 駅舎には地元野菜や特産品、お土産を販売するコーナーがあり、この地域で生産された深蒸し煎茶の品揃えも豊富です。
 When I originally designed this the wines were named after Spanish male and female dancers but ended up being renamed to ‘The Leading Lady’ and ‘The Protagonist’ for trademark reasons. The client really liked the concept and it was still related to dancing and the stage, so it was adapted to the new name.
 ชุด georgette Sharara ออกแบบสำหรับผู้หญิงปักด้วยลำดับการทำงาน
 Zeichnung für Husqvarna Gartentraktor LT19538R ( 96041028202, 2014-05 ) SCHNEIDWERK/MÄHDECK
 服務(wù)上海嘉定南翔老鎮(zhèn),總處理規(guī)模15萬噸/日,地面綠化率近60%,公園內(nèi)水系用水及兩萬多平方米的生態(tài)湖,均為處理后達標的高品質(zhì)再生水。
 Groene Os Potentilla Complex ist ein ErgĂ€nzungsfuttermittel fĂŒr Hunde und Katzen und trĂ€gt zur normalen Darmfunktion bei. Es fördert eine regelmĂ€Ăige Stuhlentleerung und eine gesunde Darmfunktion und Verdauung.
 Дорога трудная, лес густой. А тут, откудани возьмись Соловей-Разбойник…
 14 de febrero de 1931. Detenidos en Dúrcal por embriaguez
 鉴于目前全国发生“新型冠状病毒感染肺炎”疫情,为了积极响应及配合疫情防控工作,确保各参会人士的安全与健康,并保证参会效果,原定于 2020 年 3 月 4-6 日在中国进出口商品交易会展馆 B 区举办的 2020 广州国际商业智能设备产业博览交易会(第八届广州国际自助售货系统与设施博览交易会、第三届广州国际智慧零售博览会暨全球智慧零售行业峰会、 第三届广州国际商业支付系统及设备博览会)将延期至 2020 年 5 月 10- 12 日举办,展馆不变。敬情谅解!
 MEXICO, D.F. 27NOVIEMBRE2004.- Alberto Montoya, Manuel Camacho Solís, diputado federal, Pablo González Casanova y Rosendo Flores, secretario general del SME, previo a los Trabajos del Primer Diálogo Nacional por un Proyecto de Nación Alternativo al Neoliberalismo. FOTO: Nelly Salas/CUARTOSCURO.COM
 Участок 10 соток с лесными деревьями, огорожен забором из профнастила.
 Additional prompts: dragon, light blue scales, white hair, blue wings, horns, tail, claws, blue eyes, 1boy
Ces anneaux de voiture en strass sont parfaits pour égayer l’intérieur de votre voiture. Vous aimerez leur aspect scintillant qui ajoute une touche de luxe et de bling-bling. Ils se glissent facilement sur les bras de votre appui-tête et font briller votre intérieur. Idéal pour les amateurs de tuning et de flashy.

-------------------------

Exercise requirements:
Each line of the data is to be written out again exactly.

Response for this exercise:
 駅舎には地元野菜や特産品、お土産を販売するコーナーがあり、この地域で生産された深蒸し煎茶の品揃えも豊富です。
 When I originally designed this the wines were named after Spanish male and female dancers but ended up being renamed to ‘The Leading Lady’ and ‘The Protagonist’ for trademark reasons. The client really liked the concept and it was still related to dancing and the stage, so it was adapted to the new name.
 ชุด georgette Sharara ออกแบบสำหรับผู้หญิงปักด้วยลำดับการทำงาน
 Zeichnung für Husqvarna Gartentraktor LT19538R ( 96041028202, 2014-05 ) SCHNEIDWERK/MÄHDECK
 服務(wù)上海嘉定南翔老鎮(zhèn),總處理規(guī)模15萬噸/日,地面綠化率近60%,公園內(nèi)水系用水及兩萬多平方米的生態(tài)湖,均為處理后達標的高品質(zhì)再生水。
 Groene Os Potentilla Complex ist ein ErgĂ€nzungsfuttermittel fĂŒr Hunde und Katzen und trĂ€gt zur normalen Darmfunktion bei. Es fördert eine regelmĂ€Ăige Stuhlentleerung und eine gesunde Darmfunktion und Verdauung.
 Дорога трудная, лес густой. А тут, откудани возьмись Соловей-Разбойник…
 14 de febrero de 1931. Detenidos en Dúrcal por embriaguez
 鉴于目前全国发生“新型冠状病毒感染肺炎”疫情,为了积极响应及配合疫情防控工作,确保各参会人士的安全与健康,并保证参会效果,原定于 2020 年 3 月 4-6 日在中国进出口商品交易会展馆 B 区举办的 2020 广州国际商业智能设备产业博览交易会(第八届广州国际自助售货系统与设施博览交易会、第三届广州国际智慧零售博览会暨全球智慧零售行业峰会、 第三届广州国际商业支付系统及设备博览会)将延期至 2020 年 5 月 10- 12 日举办,展馆不变。敬情谅解!
 MEXICO, D.F. 27NOVIEMBRE2004.- Alberto Montoya, Manuel Camacho Solís, diputado federal, Pablo González Casanova y Rosendo Flores, secretario general del SME, previo a los Trabajos del Primer Diálogo Nacional por un Proyecto de Nación Alternativo al Neoliberalismo. FOTO: Nelly Salas/CUARTOSCURO.COM
 Участок 10 соток с лесными деревьями, огорожен забором из профнастила.
 Additional prompts: dragon, light blue scales, white hair, blue wings, horns, tail, claws, blue eyes, 1boy
Ces anneaux de voiture en strass sont parfaits pour égayer l’intérieur de votre voiture. Vous aimerez leur aspect scintillant qui ajoute une touche de luxe et de bling-bling. Ils se glissent facilement sur les bras de votre appui-tête et font briller votre intérieur. Idéal pour les amateurs de tuning et de flashy.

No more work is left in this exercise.